El debate territorial ha empezado como cabía esperar: con una catarata de opiniones completamente descontroladas desde todos los puntos de la geografía española y desde todos los partidos políticos. Se avanzan posiciones desde Cataluña y el País Vasco, pero también desde Andalucía y las Islas Baleares, desde Extremadura y desde la Comunidad Valenciana. Y entran en contradicción no sólo las que se avanzan por dirigentes de partidos distintos sino también las que se proponen por dirigentes del mismo partido. Es lógico que exista una sensación de caos, porque el debate en estos momentos iniciales está siendo caótico.

Esto tenía que pasar y es bueno que esté pasando. Durante los ocho años del Gobierno de José María Aznar el debate sobre la articulación territorial de España ha estado literalmente prohibido. Cualquier propuesta que se avanzara en ese terreno era tachada automáticamente de anticonstitucional y era, en consecuencia, anatematizada. Para el Gobierno y el PP el tema fue resuelto en 1978 y ya no se podía volver a hablar del mismo. Ni se podía hablar de la reforma del Senado, ni de la incidencia de la construcción de la Unión Europea en la distribución de competencias entre el Estado y las comunidades autónomas, ni de la eventual creación de una Conferencia de Presidentes de las comunidades autónomas, ni de nada. Una vez que se levantó el tapón que el Gobierno del PP representaba para el debate territorial, es normal que el agua brotara en todas las direcciones.

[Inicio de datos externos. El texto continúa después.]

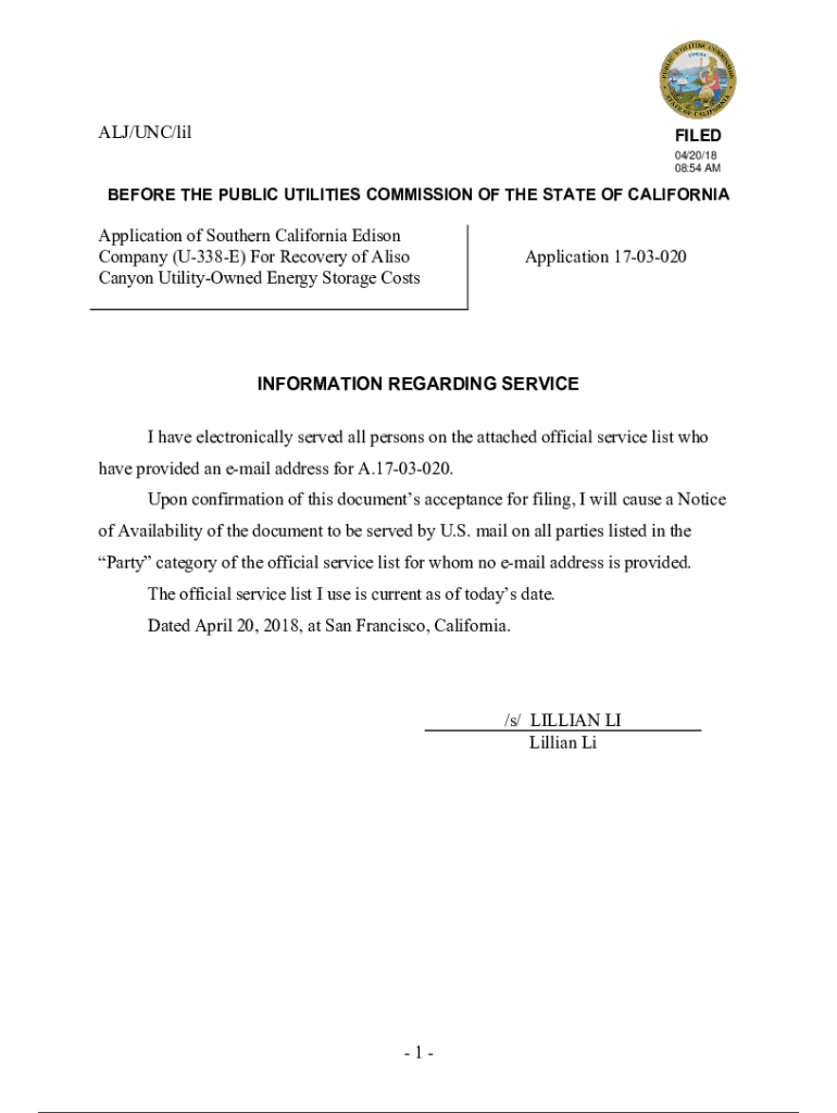 ALJ/UNC/misfiled 04/20/18 08:54 BEFORE THE PUBLIC UTILITIES COMMISSION OF THE STATE OF CALIFORNIAApplication of Southern California Edison Company (U338E) For Recovery of Also Canyon UtilityOwned

Hay menos dramatismo en el debate territorial hoy del que había antes del 14 de marzo

El debate se está haciendo sin ningún dramatismo. En la pasada legislatura vivimos agobiados porque el Plan Ibarretxe iba a cargarse la unidad de España o porque Carod-Rovira representaba no sé qué peligro para la convivencia pacífica entre los españoles. El lehendakari no ha retirado su plan y, sin embargo, ha sido recibido en La Moncloa, con la ikurriña junto a la bandera española, pero sin que eso signifique que haya la más mínima posibilidad de que dicho plan vaya a ser aprobado. Carod-Rovira sigue haciendo las fintas políticas que le han caracterizado desde siempre, sin que en ningún caso sus andanzas se conviertan en noticias de apertura de los telediarios o de primeras páginas de los periódicos. Hay menos dramatismo en el debate territorial hoy del que había antes del 14 de marzo, a pesar de que todo el mundo está diciendo lo que le parece. O a lo mejor hay menos dramatismo porque todo el mundo está diciendo lo que le parece.

Esta explosión de opiniones tendrá que ordenarse. Y se ordenará, porque el debate no se produce en el vacío. Tenemos un marco territorial jurídicamente ordenado a través de la Constitución y los estatutos de autonomía y únicamente lo que se tramite como reforma de la Constitución y como reforma de los estatutos de autonomía podrá imponerse. Y los procedimientos de reforma de la Constitución y de los estatutos de autonomía son los que son. Hará falta una mayoría de tres quintos en las Cortes Generales y en los Parlamentos de las comunidades autónomas para que una propuesta de reforma territorial pueda ser aprobada. En consecuencia, únicamente aquellas opiniones que tengan la capacidad de persuasión suficiente como para que puedan alcanzar esa mayoría cualificada acabarán siendo debatidas en los Parlamentos autonómicos o en las Cortes Generales.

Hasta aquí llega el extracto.